> [TASK REQUIREMENTS]: Excluding every picture, print exactly the lines from the one containing "9. 해당 앱이 빌드 완료 할경우 심사를 위해 제출을 클릭하여 배포를 진행한다." through the end of the material below, both ends included.

> [GIVEN INFORMATION]:
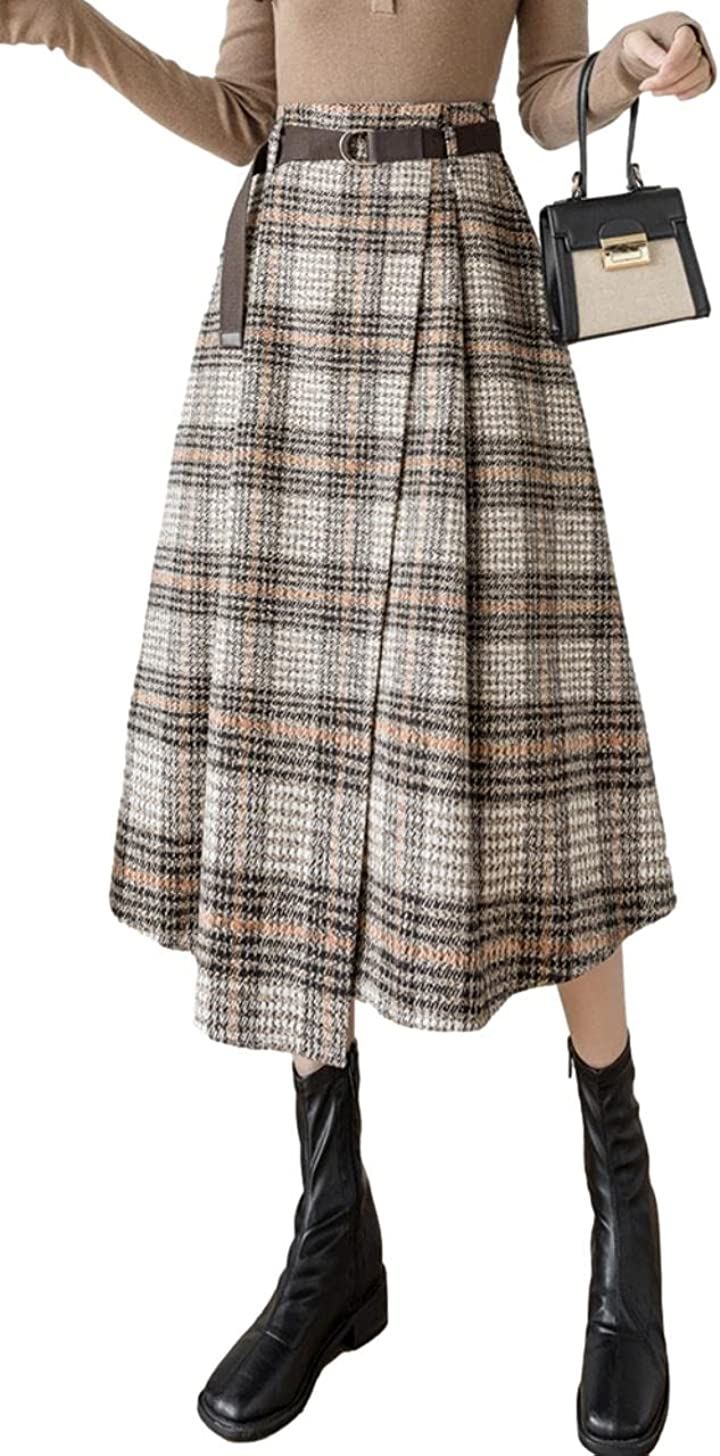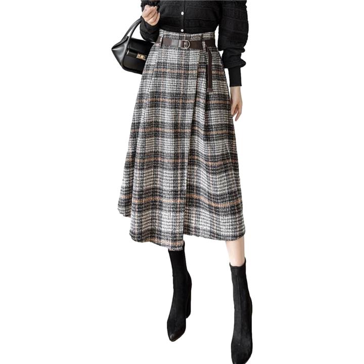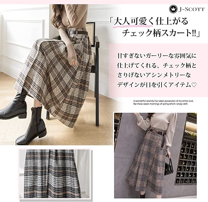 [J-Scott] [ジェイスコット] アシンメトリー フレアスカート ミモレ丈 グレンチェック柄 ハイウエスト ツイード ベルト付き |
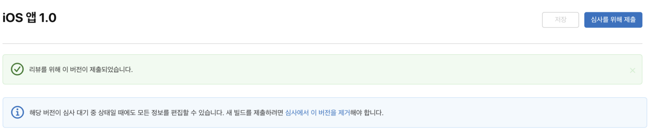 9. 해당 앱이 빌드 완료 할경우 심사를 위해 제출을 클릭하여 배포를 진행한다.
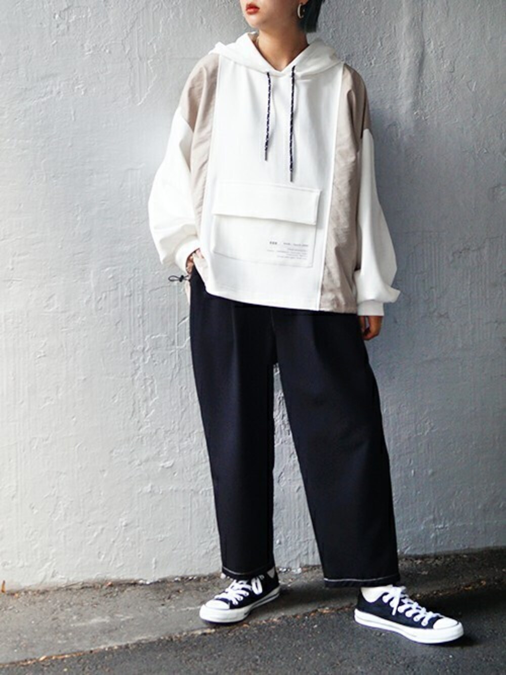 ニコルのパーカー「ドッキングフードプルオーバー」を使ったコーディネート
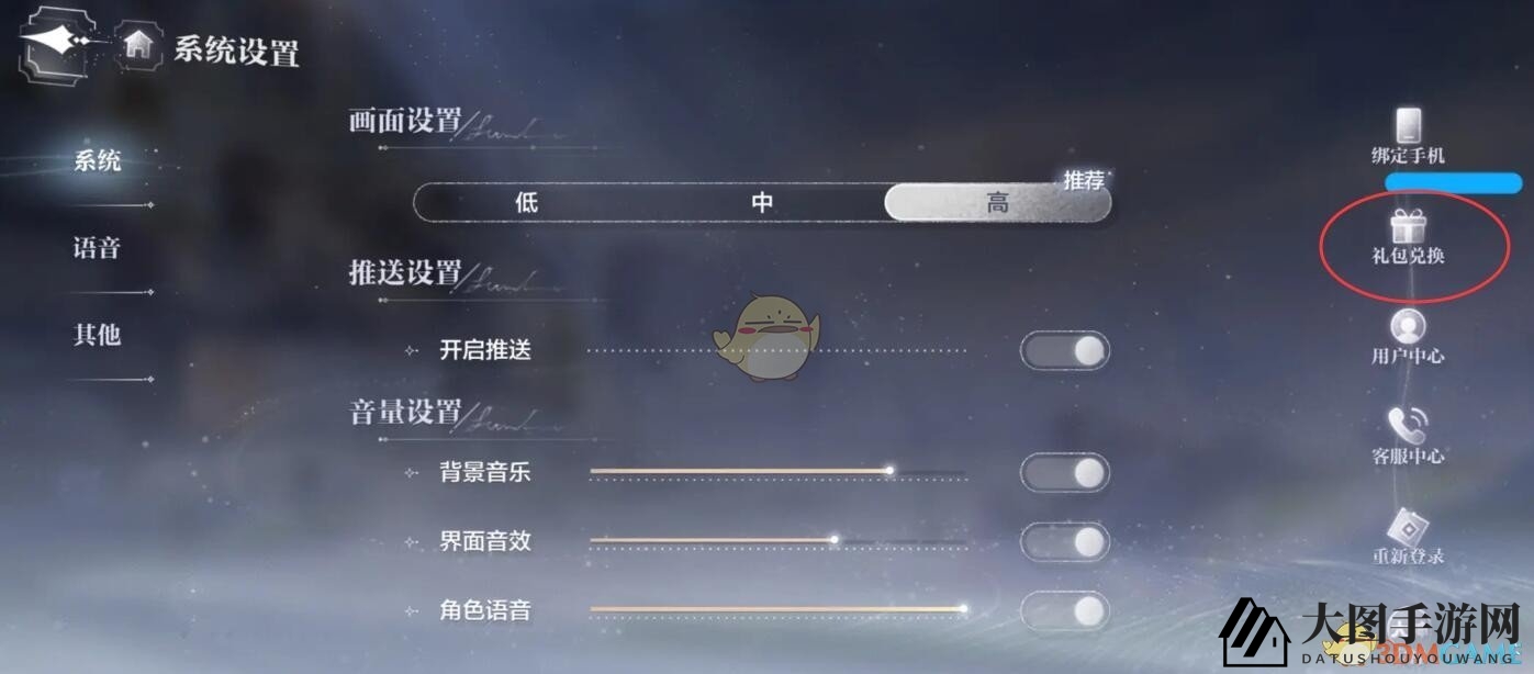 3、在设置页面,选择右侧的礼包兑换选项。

> [YOUR SOLUTION]:
 9. 해당 앱이 빌드 완료 할경우 심사를 위해 제출을 클릭하여 배포를 진행한다.
 ニコルのパーカー「ドッキングフードプルオーバー」を使ったコーディネート
 3、在设置页面,选择右侧的礼包兑换选项。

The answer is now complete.